Chap. 235, Laws 1921, amending sec. 6726, C. S., has no application in this case, (1) because the default in this case was not of the attorney, but was the default of the litigant; and (2) such law did not become effective until after the judgment in this cause was entered. Retrospective effect will not be given to a statute unless it appears that the statute was intended to have such effect. (Lawrence v. Defenbach, 23 Idaho 78, 128 P. 81; Bellevue State Bank v. Lilya, ante, p. 270, 205 P. 893.)

MCCARTHY, J. Rice, C. J., and Budge, Dunn and Lee, JJ., concur.

OPINION

MCCARTHY, J.

This is an appeal from a default judgment and order denying a motion to vacate it. The affidavits submitted in support of the motion, which were not contradicted, show that appellant Jolley, president of the defendant mining company, upon being served with the summons and complaint, consulted with one Reinking, then practicing law at Wallace, Idaho, relative to the defense of the case. Reinking advised said appellant that he was going to Boise, Idaho, to practice, and would be unable to give the case attention, and that it would be wise for appellants to employ counsel in Spokane, and also R. T. Morgan, of Kellogg, Idaho. Reinking told Jolley that he would retain Morgan as co-counsel for appellants and Jolley authorized him to do so. Thereafter Reinking advised Jolley that he had retained Morgan. Jolley employed E. H. Maloy, an attorney of Spokane, Wash., to try the case, but it was understood that Morgan would attend to the proceedings in the state of Idaho prior to the drawing of the answer and the trial. Reinking took the matter up with Morgan and some discussion occurred between them as to the amount of the fee. Reinking understood that he had employed Morgan, and agreed to pay the fee demanded and so reported to Jolley. Morgan understood the matter was not definitely settled, and that Reinking would communicate with him again. In the meantime, Morgan filed a demurrer. Upon this being overruled, some 60 days having elapsed and not having heard again from Reinking or appellants, he supposed that they did not desire his services, and withdrew from the case, failing to file an answer for appellants or notify them to have one filed. This resulted in the entry of a default judgment. Judgment was entered on April 27, 1921. Motion to set it aside was made May 9th, and was denied.

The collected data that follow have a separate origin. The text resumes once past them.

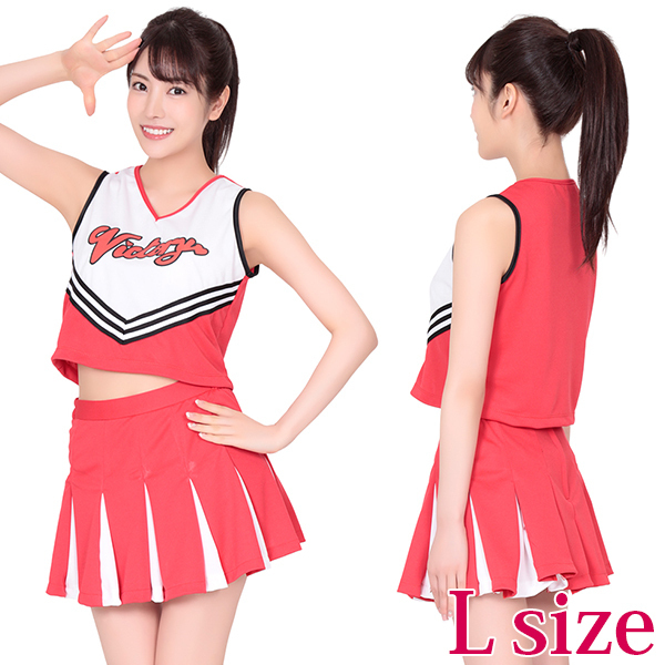 情熱的な赤のチアガール衣装で頑張る皆を元気に応援!大人気ロングセラーのチアガールコスプレに大きめサイズが登場♪胸元には大きく「VICTORY」に文字をプリント!動くたび赤×白のミニ丈プリーツスカートが綺麗に広がります♪
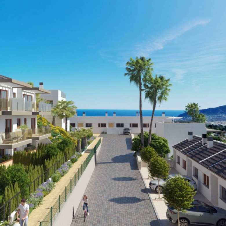 Triplex with sea views in La Nucia, Costa Blanca, Spain A contemporary design and construction development where you can enjoy the climate, excellent sunshine, spectacular views of the bays of Benidorm and Albir and a healthy lifestyle. Close to all services and the sports town of La Nucia. The properties have 3 or 4 bedrooms, terrace with views, parking for two vehicles and garden with direct access to the communal areas. Many of them also have a solarium where you can enjoy evenings outdoors with your friends. - Communal swimming pool- 2 outdoor parking spaces- Paddle court – Fitted wardrobes: 4- Orientation: South- Air conditioning and ducted heating- Garden- Utility room- Communal swimming pool- Reinforced door Possible extras: - Private lift inside the house – Consult price- Private swimming pool – Consult price The size of the properties and their configuration make them ideal for clients who need more space, who want to make part of their properties profitable for renting while they continue to have their own homes, or who want a space for games, an office or an area for the youngest members of the family. Property ID: GH-307749 Price: €380,000 Property Size: 134 m2 Land Area: 170 m2 Bedrooms: 3 Bathrooms: 3 Property Type: Apartment Property Status: For Sale
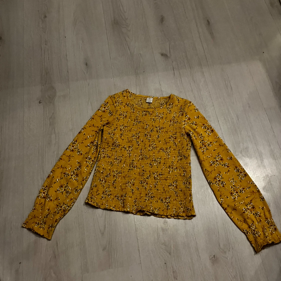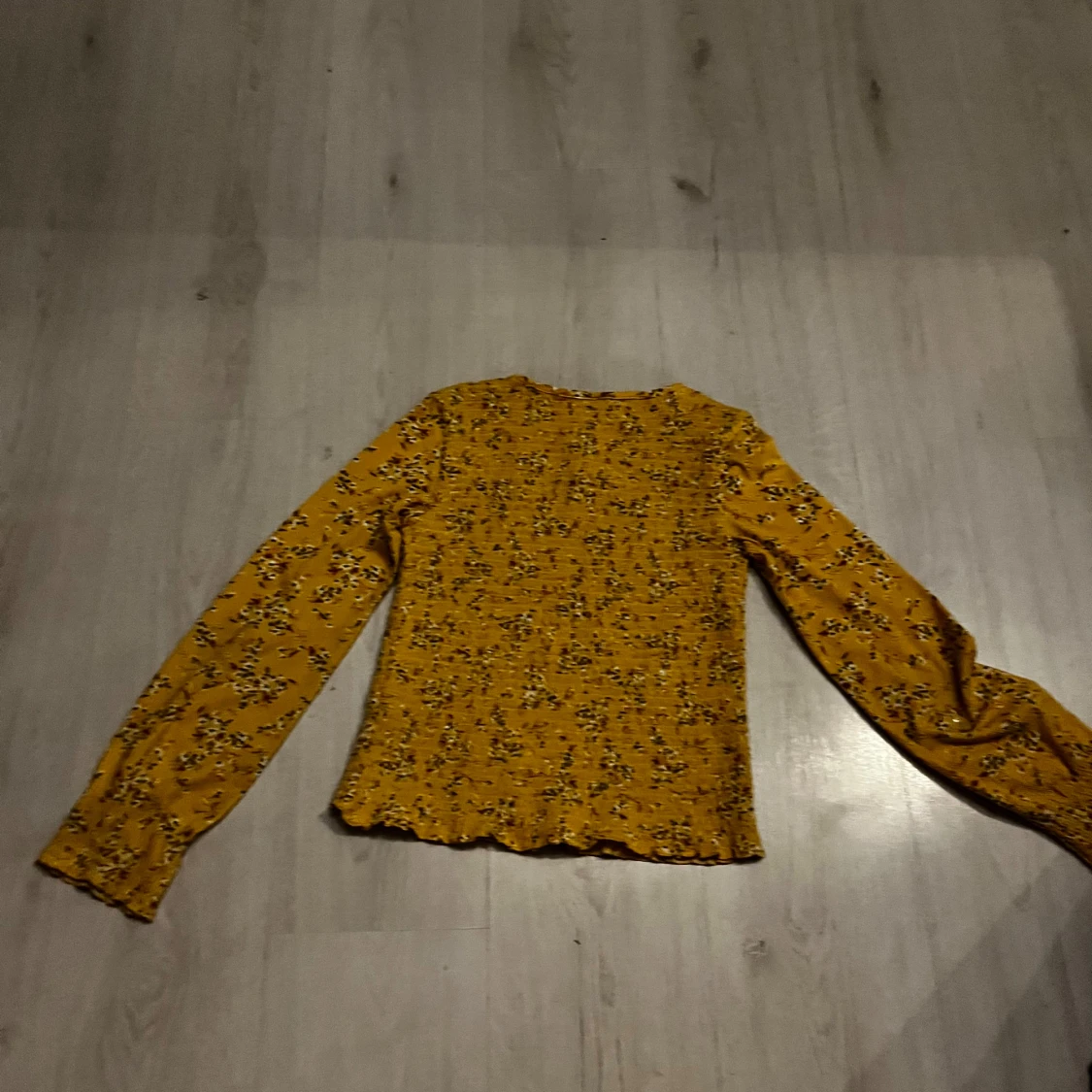 Hej ☺️jag säljer en söt gul topp från Lindex med blommigt mönster🥰. Toppen har långa ärmar och en smockad struktur som ger en fin passform. Perfekt för en färgglad look!♥️Det finns hund i hemmet 🐶
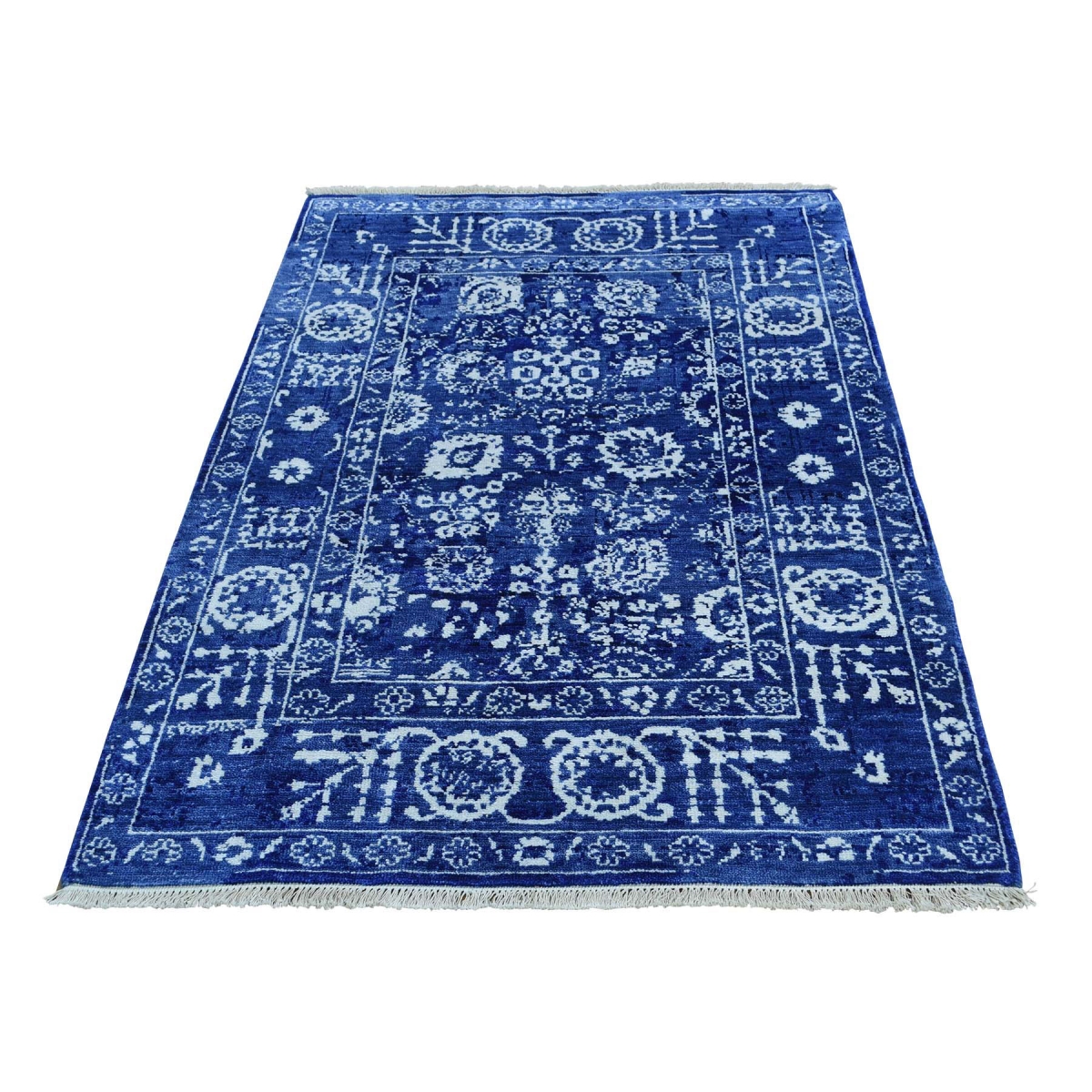 1800 Get A Rug sh36730 3 ft. 2 in. x 5 ft. Hand Knotted Wool and Silk Tone on Tone Tabriz Oriental Rug Blue
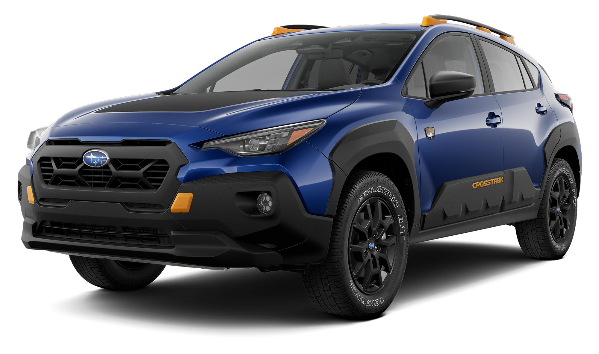 The rugged new Subaru Crosstrek Wilderness boasts exclusive styling with hexagonal-style LED fog lights, an anti-glare hood decal, and brand-new front and rear bumpers that enhance its exterior design. Plus, it's available in Geyser Blue, an exclusive color for the Wilderness family, and Wilderness badges adorning the front doors and rear gate.
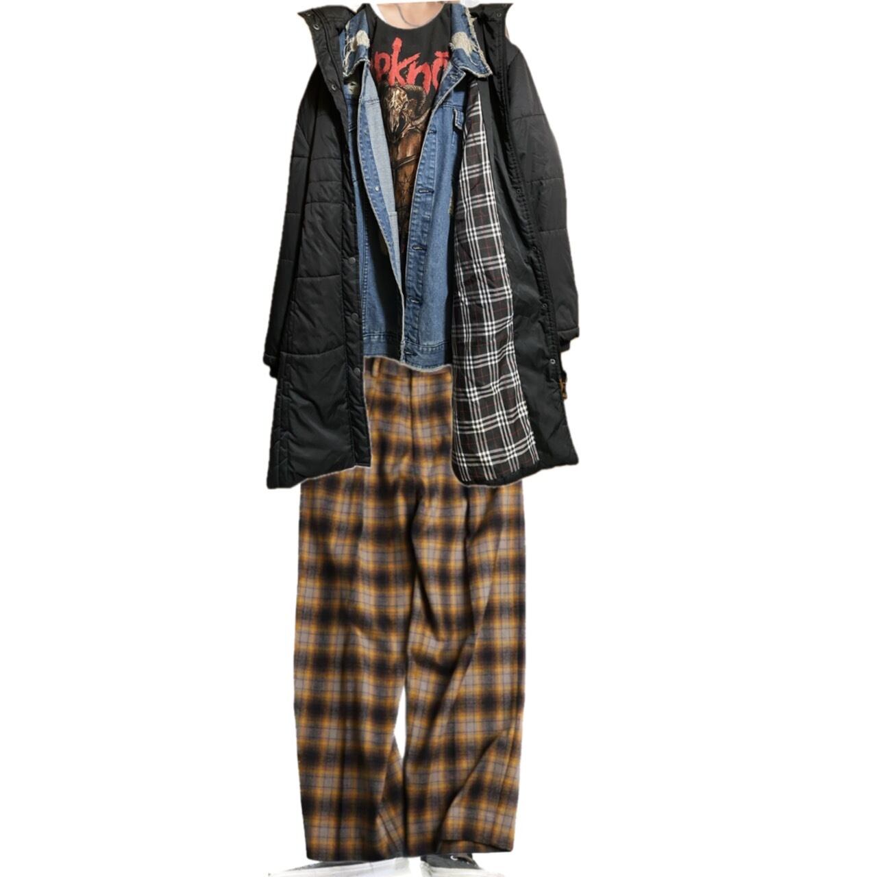 クールなブラックのダウンジャケットをヨーロピアンとバンドテイストで決めるインナーSlipknotにデニムシャツを決めてスタンスを見せつけるコーディネート
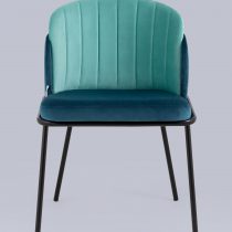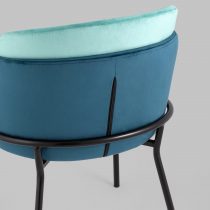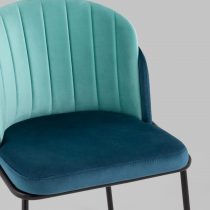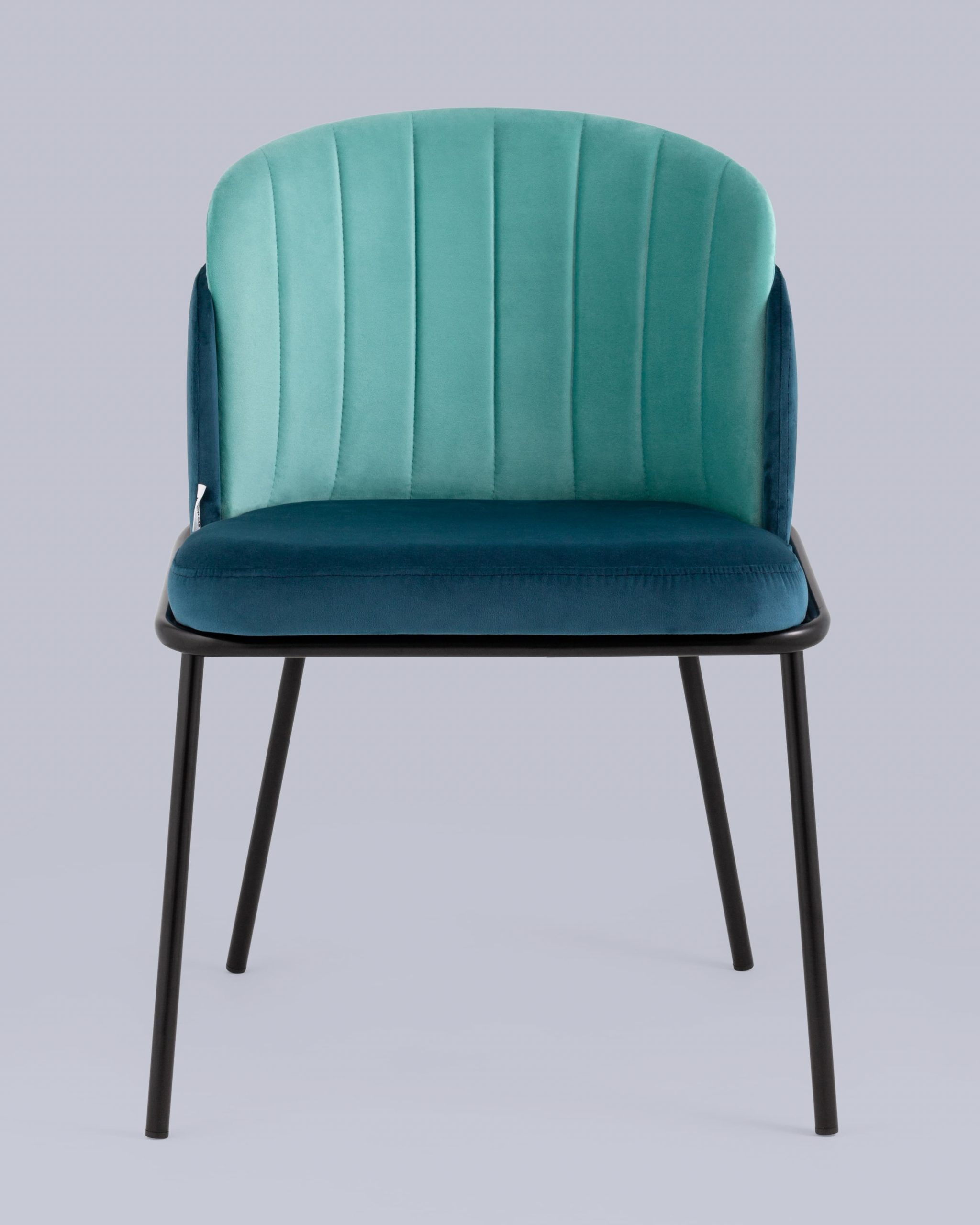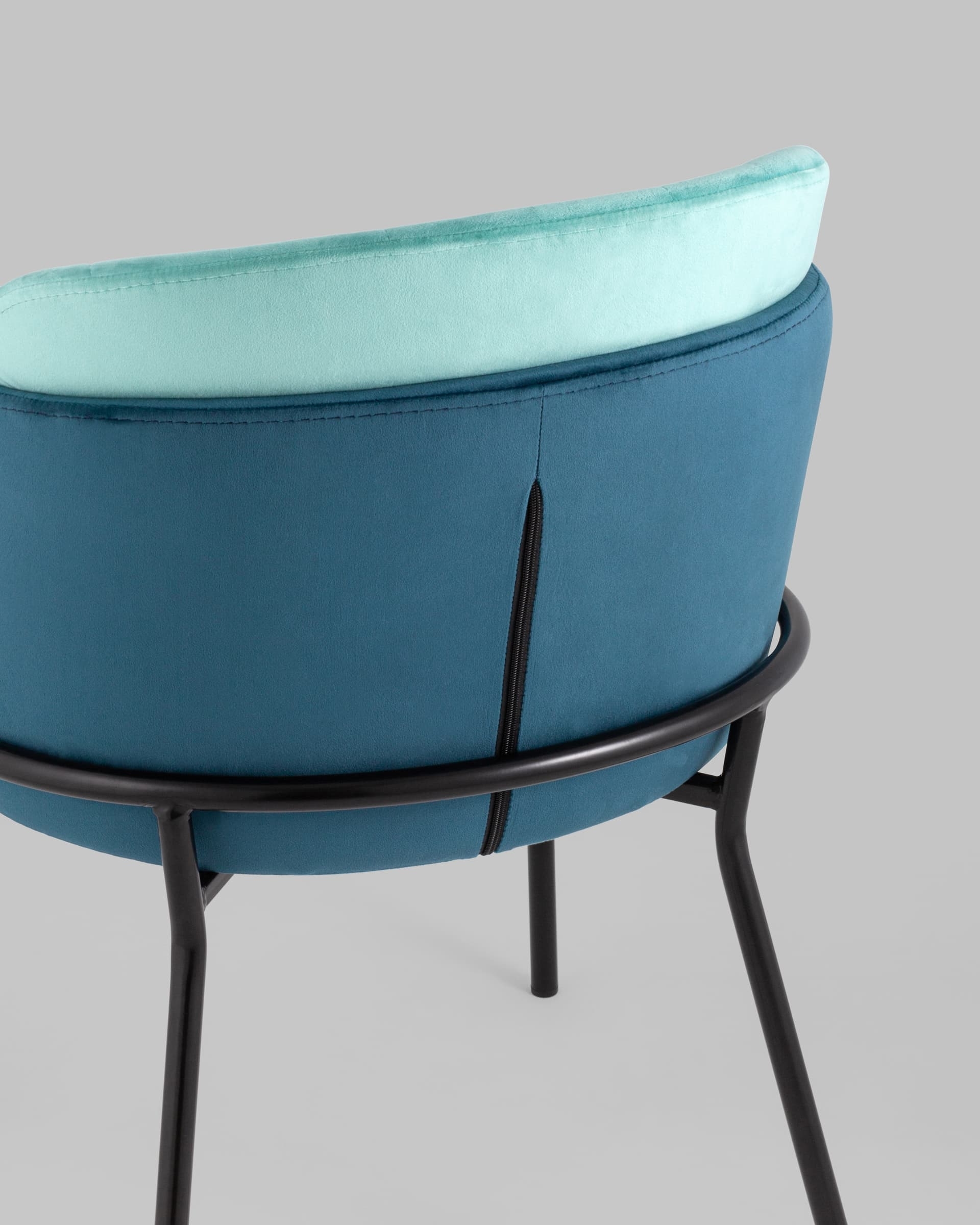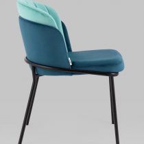 Стильный двухцветный кухонный стул с обивкой из велюра. Надежная опора достигается благодаря металлическому каркасу, которая создает дополнительную поддержку спинки стула и ножкам. Прочные ножки оснащены подпятниками, которые препятствуют скольжению и защищают напольное покрытие от повреждений. Удобная спинка состоит из двух элементов,  внутренняя часть акцентно выделяется цветом и дополнена вертикальной строчкой.
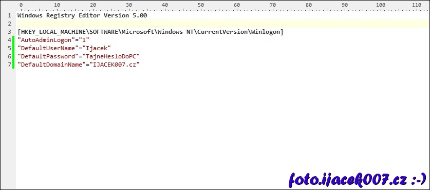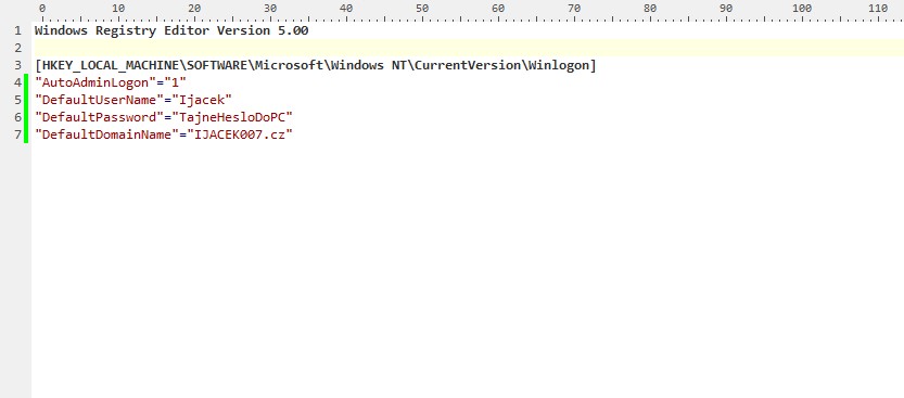 Uprava registru pro automatické přihlášení uživatele.
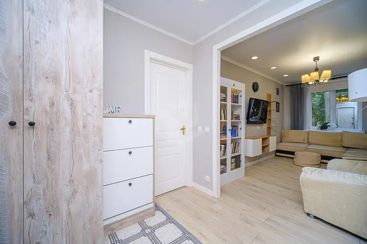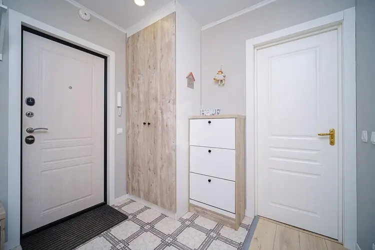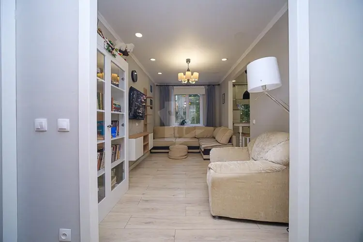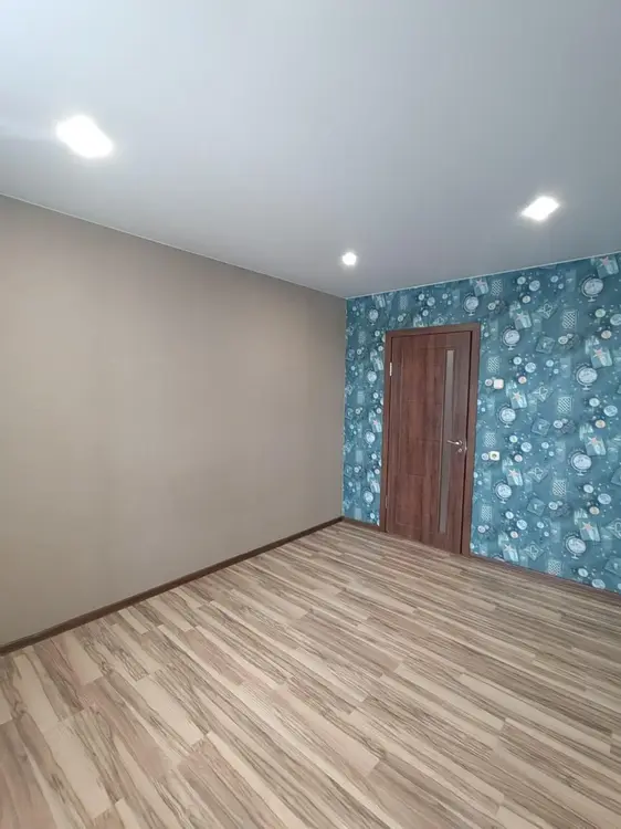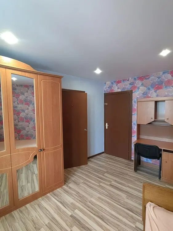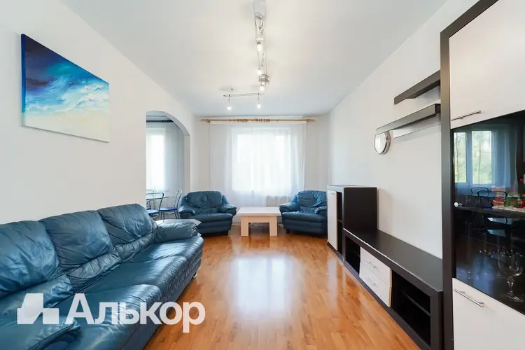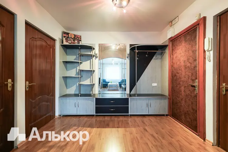 Межкомнатные двери. Напольное покрытие ламинат (жилые комнаты, кухня, частично коридор), плитка (санузлы и частично коридор). Есть вместительные шкафы.
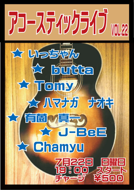 アコースティックライブ22 出演者決定! 7月22日 日曜日 19:00 スタート チャージ ¥500 出演者 ☆ いっちゃん ☆ butta ☆ Tomy ☆ ハマナガ ナオキ ☆ 有薗 真一 ☆ J-BeE ☆ Chamyu
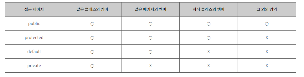 아래의 정리된 표를 보면 되며 접근자는 이정도만 알면 된다고 한다.
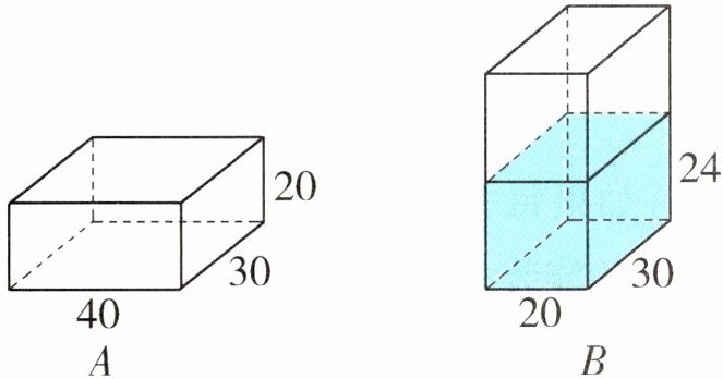 6. 如图,A和B是两个长方体容器,B中的水深是24厘米,如果将B中的水倒入A中,那么A中的水深是多少?(单位:厘米)

The statute in force at the time the judgment was rendered provided that the court might relieve a party or his legal representative from a judgment, order or other proceeding, taken against him through his mistake, inadvertence, surprise or excusable neglect, and this relief might be applied for during the term or within six months after its adjournment. C. S., sec. 6726. Chap. 235, L. 1921, amended this so as to provide: "Whenever any judgment, order or proceeding is taken against a party otherwise without default, through the neglect or failure of any attorney of such party to file or serve any paper within the time limited therefor, the court, or the judge thereof, in vacation, shall, upon application filed within the time above limited, set aside such judgment, order or proceeding and may, in its discretion, require the attorney guilty of such failure or neglect to pay the costs or expenses actually and necessarily occasioned to the opposite party by such failure or neglect, and may, in its discretion, also impose upon such attorney a penalty of not exceeding $ 100."

The time to apply for this relief was not changed. The act went into effect May 4, 1921. Judgment was entered on April 27 1921. The motion to set it aside was made May 9th. Appellants contend that the act of 1921 applies to this case, and respondents contend it does not. Legislation which affects only the remedy or the procedure embraces pending actions unless it contains words of exclusion. (Boise Irr. etc. Co. v. Stewart, 10 Idaho 38, 77 P. 25, 321; Bensley v. Ellis, 39 Cal. 309; Judkins v. Taffe, 21 Ore. 89, 27 P. 221; McManus v. Park (Mo. App.), 287 Mo. 109, 229 S.W. 211; Waddill v. Masten, 172 N.C. 582, 90 S.E. 694; Laird v. Carton...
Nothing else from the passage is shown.